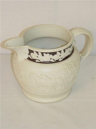 5" ENGLISH SALT GLAZED PITCHER W/ EMBOSSED FOX HUNTING SCENE - MINOR GLAZE IMPERFECTIONS
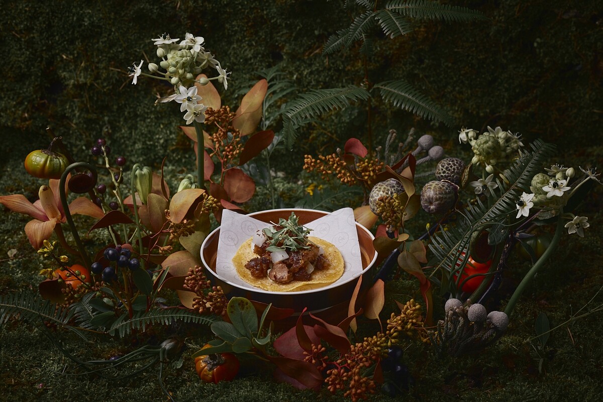 充滿墨西哥風情與台味魅力的菜品,料理驚喜地將墨西哥國民美食與台灣本土風味巧妙融合。特選用膠質豐富的豬腳肉,以八角香料等中式烹飪手法燉煮入味,堅持手工製作的TACO玉米餅,底部抹上每日鮮製的優格醬,不僅帶來清爽口感,上方綴上自製辣蘿蔔及莊園級巧克力雪片,為整體味覺帶來了豐富想像。不論是單獨品嚐或佐餐搭配美酒,絕對都能為您帶來驚喜與滿足!
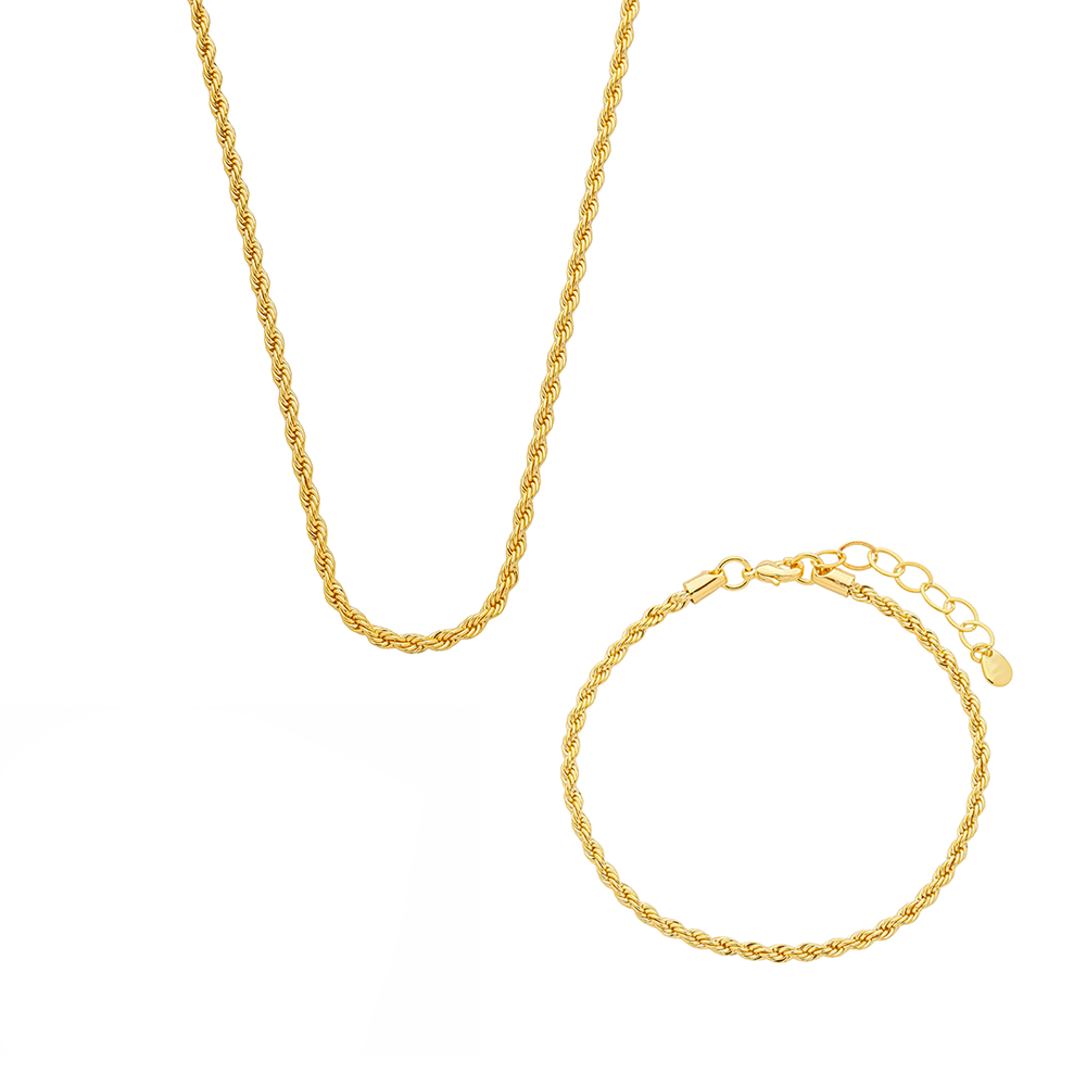 Kit Colar + Pulseira Cordão Baiano Banho de Ouro 18k
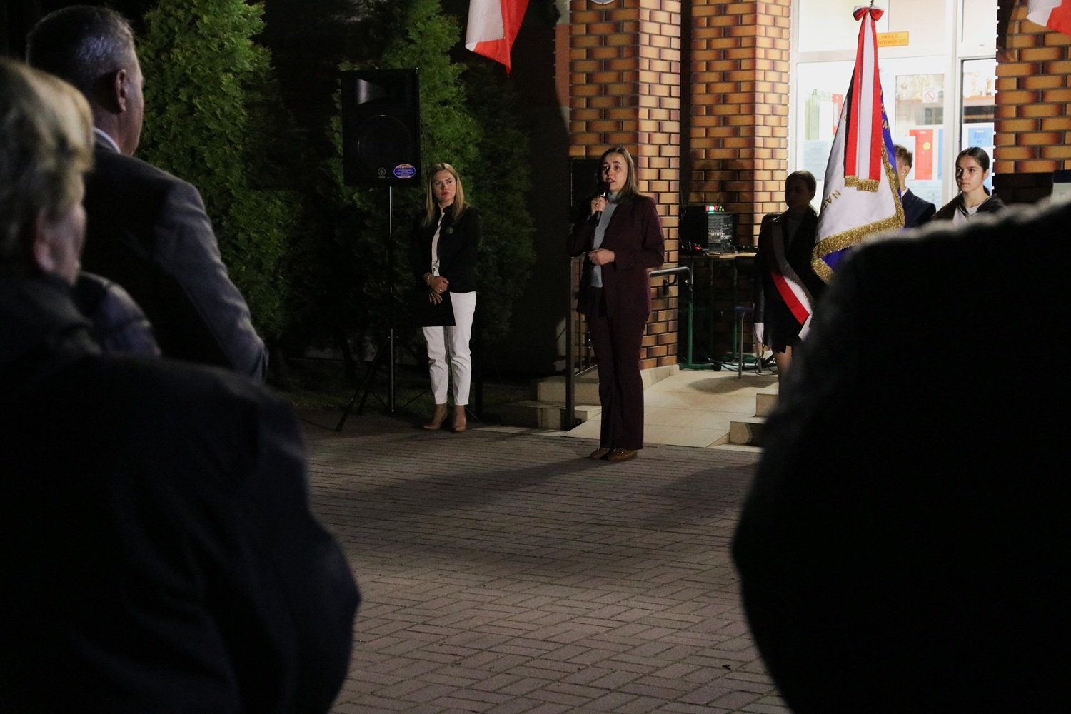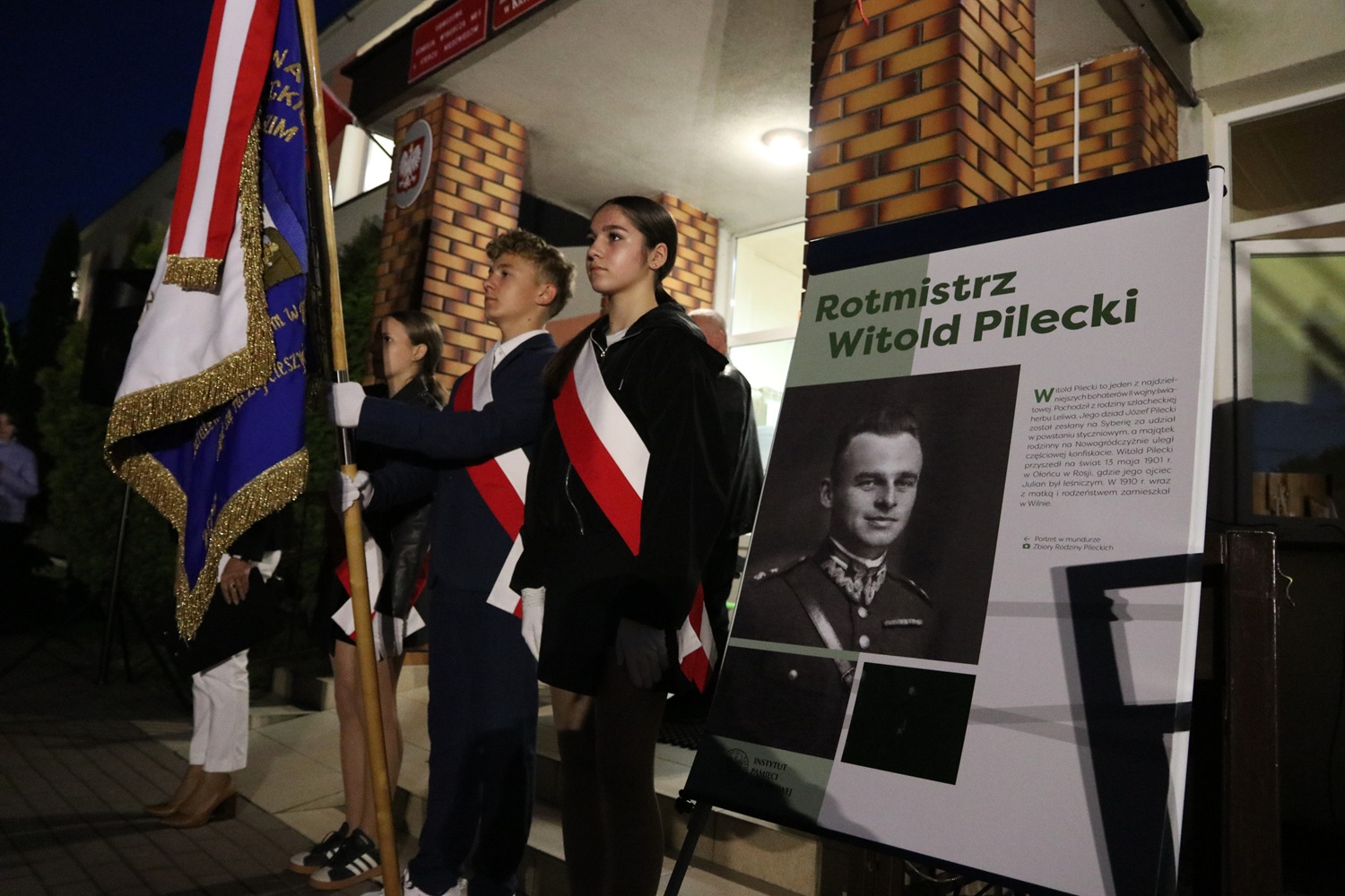 • Krasocin, 23 maja 2025 r. przed tablicą pamiątkową znajdującą się w budynku Zespołu Placówek Oświatowych im. rtm. Witolda Pileckiego w Krasocinie
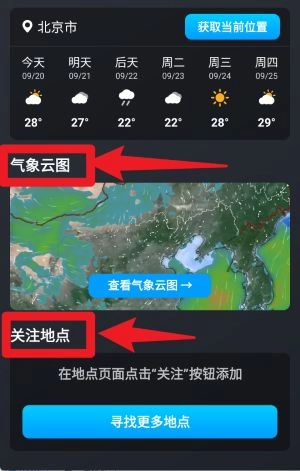 下滑页面即可进入气象云图区域,查看卫星云图的实时变化;还能借助“关注地点”功能收藏常用城市,以便日后快速查看。
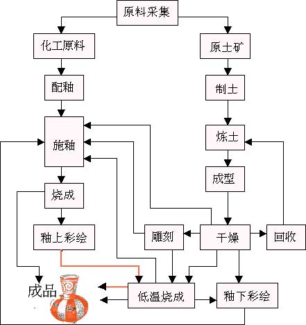 黏土采類(依礦脈大小、顏色品質(zhì)好壞、可塑性及穩(wěn)定性高的粘土,方能成就好的作品)處理純凈(以水簸法,去砂石)練土(為求黏土中水份軟硬一致,消除氣泡,可用獸力、人練、機(jī)器練土)成型加工(手捏、泥條、陶板、拉坯、注漿、鏇坯、擠出、重壓...各成型法作陶)裝飾(以雕塑法,或多色土之變化,可用刮、切、壓、印、黏貼、鑲嵌、鏤空)乾燥(室溫自然陰乾或烘乾35~200℃)裝飾(陰陽刻劃,或化妝土)素?zé)s700~850℃或1000~1250℃)(去除坯土中之結(jié)晶水、有機(jī)物、空氣,且可增加坯體強(qiáng)度)上釉(可淋、噴、彩繪、灌、浸...等方法上釉,上釉前先噴少許水份於素坯上,不可施太厚,以防縮釉、裂釉)釉燒(土器950~1100℃、缸器1100~1200℃、硬質(zhì)陶器1180~1280℃、輕質(zhì)瓷960~1050℃、瓷器1300~1400℃、高鋁器1400~1850℃、窯具以電窯、瓦斯窯、柴窯,重油窯)成品——二次燒成法(有釉下彩或單色釉、多重釉彩、結(jié)晶釉)
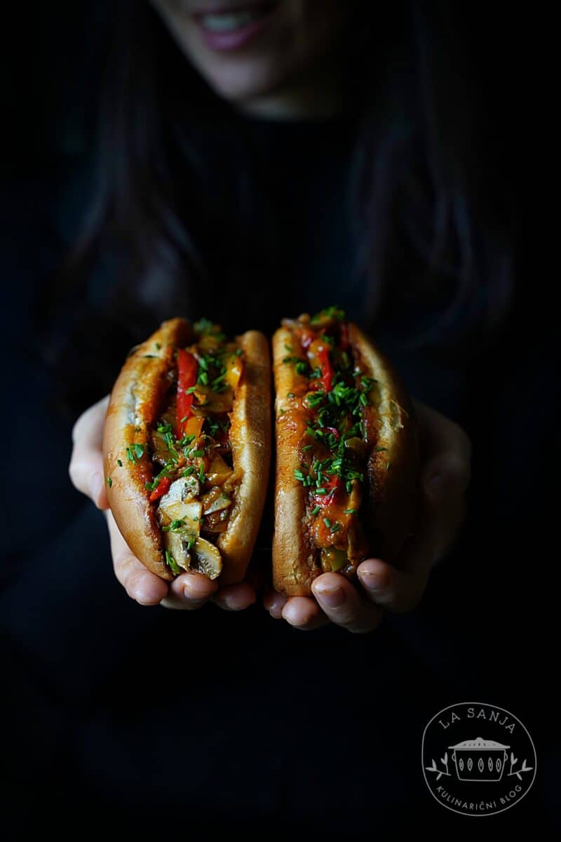 - Najprej se lotimo rezanja zelenjave. Čebulo in papriko narežemo na tanke trakove, šampinjone na rezine, paradižnik pa sesekljamo. Hot dog štručke prerežemo po dolgem, vsako polovico premažemo z oljčnim oljem in jih za 10-15 minut postavimo v pečico na 180-200 stopinj, da se lepo zapečejo in postanejo hrustljave.
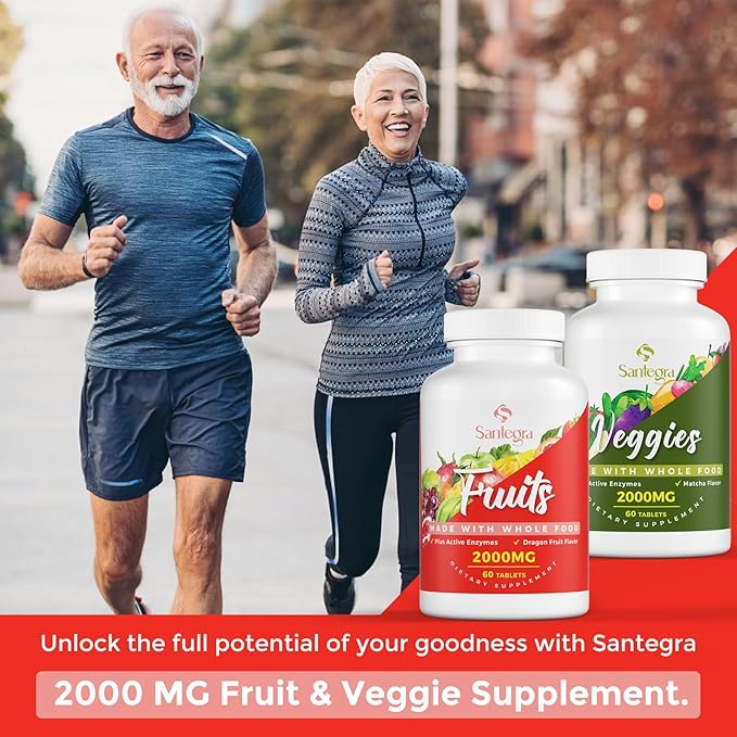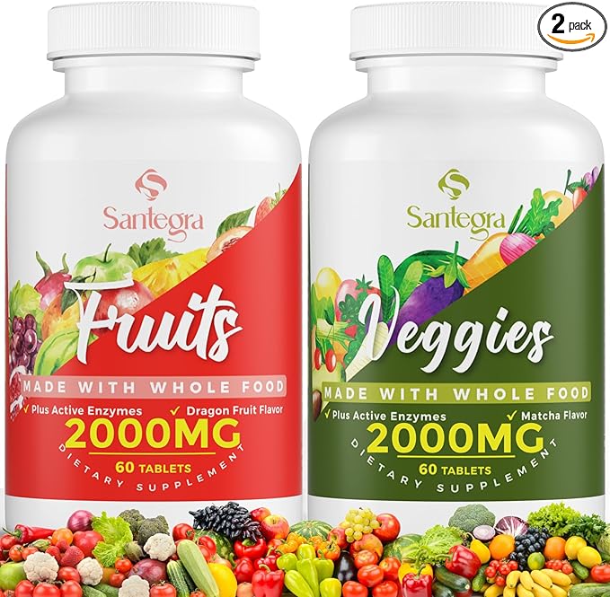 - ๐35 Unique Fruit and Veggie Blend: The fruit tablets contain a blend of 18 fruit and the veggie tablets pack in 17 vegetablesโwith zero additives. Whole veggies and fruits are packed with vitamins, minerals, and fiber, & nutrition experts unanimously agree that they're essential for any well-being diet. Santegra's fruit and veggies supplements are more effective in digestion, sharp mind, immune system, energy management, and overall well-being in your daily life.

━━━━━━

- _What is being asked_
Everything in the records above is to be copied exactly, except the pictures.

- _Worked solution_
 5" ENGLISH SALT GLAZED PITCHER W/ EMBOSSED FOX HUNTING SCENE - MINOR GLAZE IMPERFECTIONS
 充滿墨西哥風情與台味魅力的菜品,料理驚喜地將墨西哥國民美食與台灣本土風味巧妙融合。特選用膠質豐富的豬腳肉,以八角香料等中式烹飪手法燉煮入味,堅持手工製作的TACO玉米餅,底部抹上每日鮮製的優格醬,不僅帶來清爽口感,上方綴上自製辣蘿蔔及莊園級巧克力雪片,為整體味覺帶來了豐富想像。不論是單獨品嚐或佐餐搭配美酒,絕對都能為您帶來驚喜與滿足!
 Kit Colar + Pulseira Cordão Baiano Banho de Ouro 18k
 • Krasocin, 23 maja 2025 r. przed tablicą pamiątkową znajdującą się w budynku Zespołu Placówek Oświatowych im. rtm. Witolda Pileckiego w Krasocinie
 下滑页面即可进入气象云图区域,查看卫星云图的实时变化;还能借助“关注地点”功能收藏常用城市,以便日后快速查看。
 黏土采類(依礦脈大小、顏色品質(zhì)好壞、可塑性及穩(wěn)定性高的粘土,方能成就好的作品)處理純凈(以水簸法,去砂石)練土(為求黏土中水份軟硬一致,消除氣泡,可用獸力、人練、機(jī)器練土)成型加工(手捏、泥條、陶板、拉坯、注漿、鏇坯、擠出、重壓...各成型法作陶)裝飾(以雕塑法,或多色土之變化,可用刮、切、壓、印、黏貼、鑲嵌、鏤空)乾燥(室溫自然陰乾或烘乾35~200℃)裝飾(陰陽刻劃,或化妝土)素?zé)s700~850℃或1000~1250℃)(去除坯土中之結(jié)晶水、有機(jī)物、空氣,且可增加坯體強(qiáng)度)上釉(可淋、噴、彩繪、灌、浸...等方法上釉,上釉前先噴少許水份於素坯上,不可施太厚,以防縮釉、裂釉)釉燒(土器950~1100℃、缸器1100~1200℃、硬質(zhì)陶器1180~1280℃、輕質(zhì)瓷960~1050℃、瓷器1300~1400℃、高鋁器1400~1850℃、窯具以電窯、瓦斯窯、柴窯,重油窯)成品——二次燒成法(有釉下彩或單色釉、多重釉彩、結(jié)晶釉)
 - Najprej se lotimo rezanja zelenjave. Čebulo in papriko narežemo na tanke trakove, šampinjone na rezine, paradižnik pa sesekljamo. Hot dog štručke prerežemo po dolgem, vsako polovico premažemo z oljčnim oljem in jih za 10-15 minut postavimo v pečico na 180-200 stopinj, da se lepo zapečejo in postanejo hrustljave.
 - ๐35 Unique Fruit and Veggie Blend: The fruit tablets contain a blend of 18 fruit and the veggie tablets pack in 17 vegetablesโwith zero additives. Whole veggies and fruits are packed with vitamins, minerals, and fiber, & nutrition experts unanimously agree that they're essential for any well-being diet. Santegra's fruit and veggies supplements are more effective in digestion, sharp mind, immune system, energy management, and overall well-being in your daily life.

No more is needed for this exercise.